Information supplied:
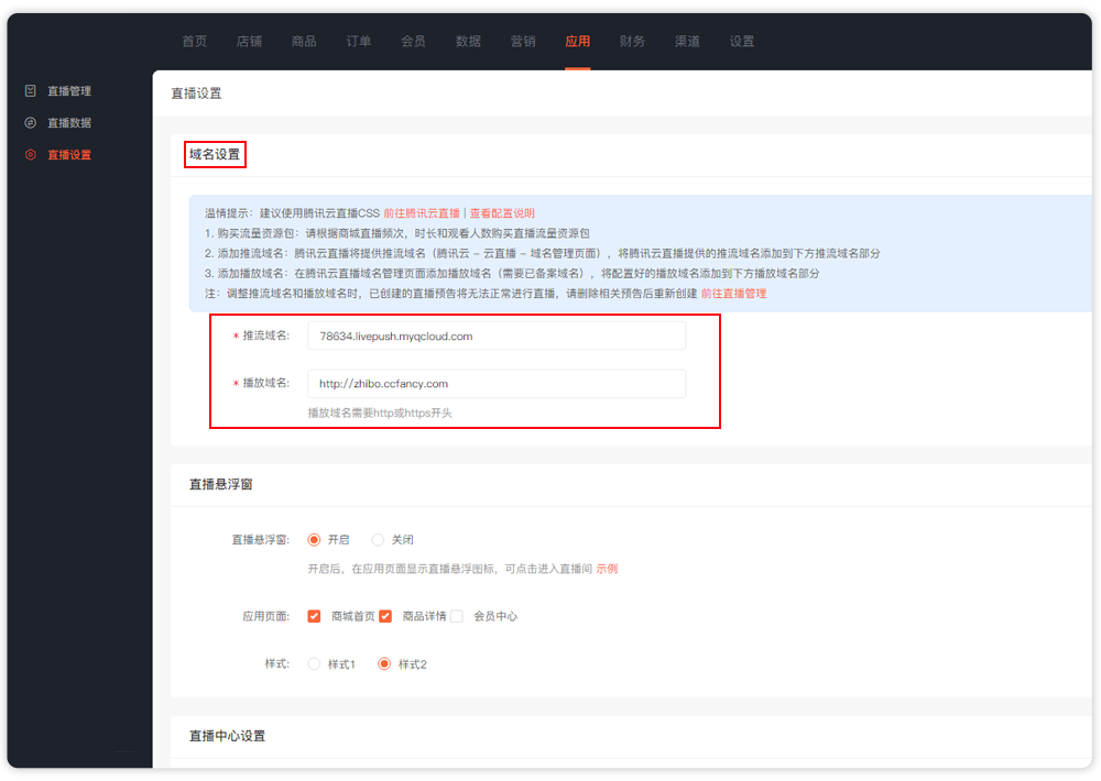 顺应时代趋势 抢占直播红利 1、加快购买决策 主播送券、直播间独享价等多种直播玩法,促进粉丝下单转化。 2、快速拉新拓客 主播在线营销,推动品牌曝光,激活潜在用户,开辟新的流量入口。 3、打造私域流量 实时互动,实现商家与粉丝无缝沟通,提升用户黏性,构建私域流量。 4、优化消费场景 通过主播营造新型消费场景,满足消费者对购物体验的需求。 5、多渠道直播 直播带货支持公众号、小程序等渠道直播;直播海报、链接一键生成,让推广更便捷高效。 业务端 1、直播管理 清晰展现直播列表,了解直播详情,筛选框快速搜索直播,实现全方位直播管理。 2、创建直播预告 快速创建直播预告,提前蓄客引流,曝光直播商品。 3、直播中控台 协助主播管理直播商品,一键设置马甲及禁言管理,支持多种营销活动,快速打造多功能直播间,提升直播氛围。 4、直播数据实时查看 迅速掌握直播间卖货、互动详情,综合管理数据,多维度了解直播情况,方便为下一场直播做准备。 管理端 您可在安菲云管理端进行提前开播、超时失效、超时终止等功能的设置,把控每一场直播进程。 直播间 直播间页面美观大方,功能丰富多样,高效驱动用户视觉体验,助力直播效果翻倍。 直播间多种营销玩法 1、亲密度:粉丝通过完成任务(点赞、订阅、分享等),提升亲密度排行榜名次;从而增强直播间互动率,打造商城人气。 2、分享有礼:海报自动生成,用户自发分享领取相关奖励;助力直播间快速推广,实现引流裂变。 3、直播间优惠券:主播送券+直播间优惠券两种送券方式,用户可通过完成相关任务领取优惠券;有效提升粉丝活跃度,激发用户购买欲。 主播端 主播开播无需借助任何软件,店铺助手小程序助力主播轻松开播。 直播设置 开播前需要用户提前购买直播流量,设置推流域名和播放域名。 建议您使用腾讯云直播CSS ,下面是腾讯云直播
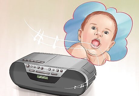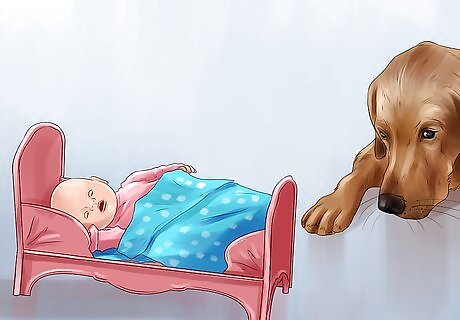 Play a recording of baby sounds. Play a soft recording of baby noises in the background when you are hanging out with your dog or cleaning. Your dog will get used to the sounds. If they are behaving well, you can try turning up the volume slightly.
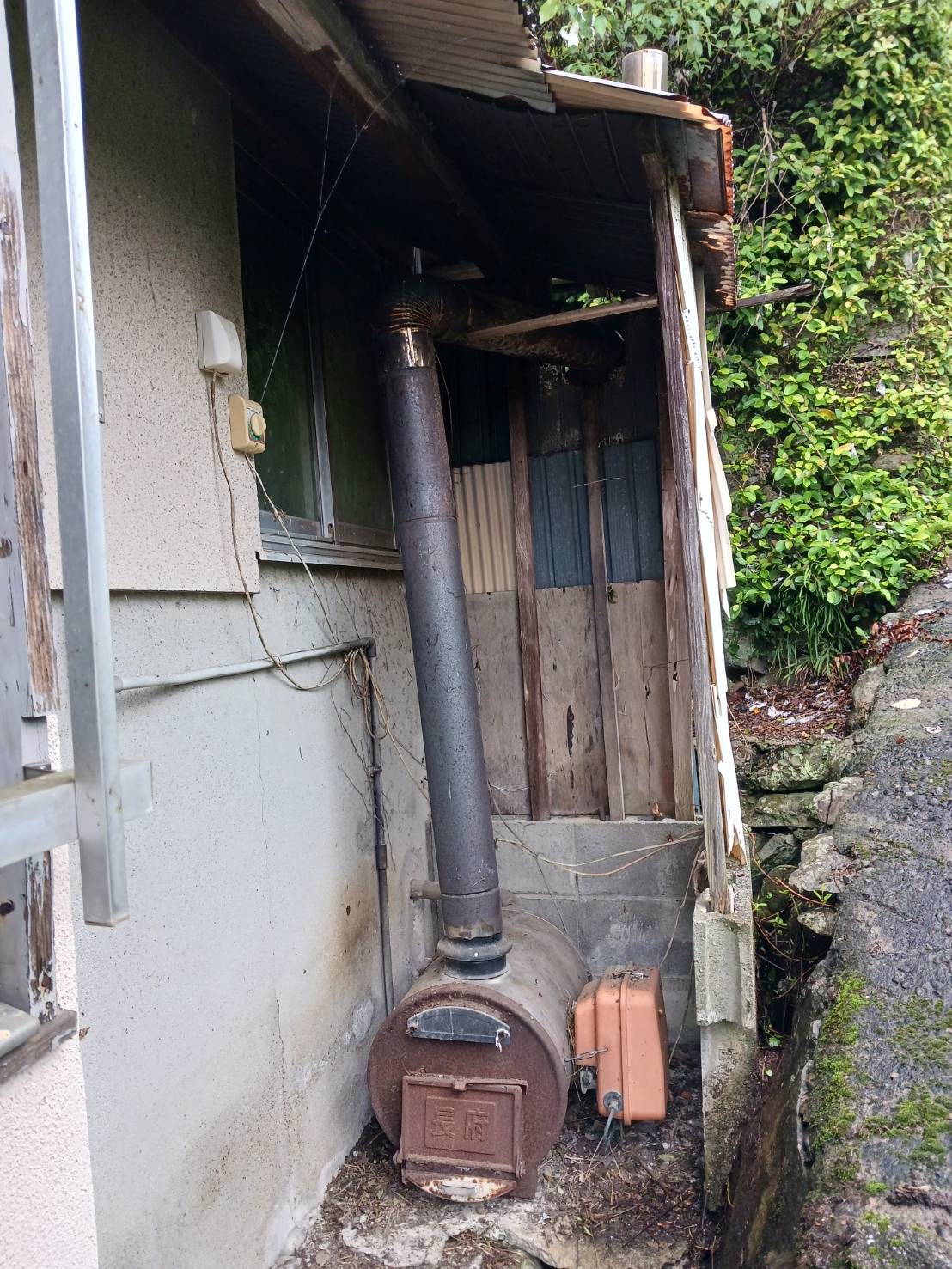 風呂沸かし施設:薪風呂窯、天日

Task brief:
Repeat the data above exactly; images are not part of the copy.

Solution for this task:
 顺应时代趋势 抢占直播红利 1、加快购买决策 主播送券、直播间独享价等多种直播玩法,促进粉丝下单转化。 2、快速拉新拓客 主播在线营销,推动品牌曝光,激活潜在用户,开辟新的流量入口。 3、打造私域流量 实时互动,实现商家与粉丝无缝沟通,提升用户黏性,构建私域流量。 4、优化消费场景 通过主播营造新型消费场景,满足消费者对购物体验的需求。 5、多渠道直播 直播带货支持公众号、小程序等渠道直播;直播海报、链接一键生成,让推广更便捷高效。 业务端 1、直播管理 清晰展现直播列表,了解直播详情,筛选框快速搜索直播,实现全方位直播管理。 2、创建直播预告 快速创建直播预告,提前蓄客引流,曝光直播商品。 3、直播中控台 协助主播管理直播商品,一键设置马甲及禁言管理,支持多种营销活动,快速打造多功能直播间,提升直播氛围。 4、直播数据实时查看 迅速掌握直播间卖货、互动详情,综合管理数据,多维度了解直播情况,方便为下一场直播做准备。 管理端 您可在安菲云管理端进行提前开播、超时失效、超时终止等功能的设置,把控每一场直播进程。 直播间 直播间页面美观大方,功能丰富多样,高效驱动用户视觉体验,助力直播效果翻倍。 直播间多种营销玩法 1、亲密度:粉丝通过完成任务(点赞、订阅、分享等),提升亲密度排行榜名次;从而增强直播间互动率,打造商城人气。 2、分享有礼:海报自动生成,用户自发分享领取相关奖励;助力直播间快速推广,实现引流裂变。 3、直播间优惠券:主播送券+直播间优惠券两种送券方式,用户可通过完成相关任务领取优惠券;有效提升粉丝活跃度,激发用户购买欲。 主播端 主播开播无需借助任何软件,店铺助手小程序助力主播轻松开播。 直播设置 开播前需要用户提前购买直播流量,设置推流域名和播放域名。 建议您使用腾讯云直播CSS ,下面是腾讯云直播
 Play a recording of baby sounds. Play a soft recording of baby noises in the background when you are hanging out with your dog or cleaning. Your dog will get used to the sounds. If they are behaving well, you can try turning up the volume slightly.
 風呂沸かし施設:薪風呂窯、天日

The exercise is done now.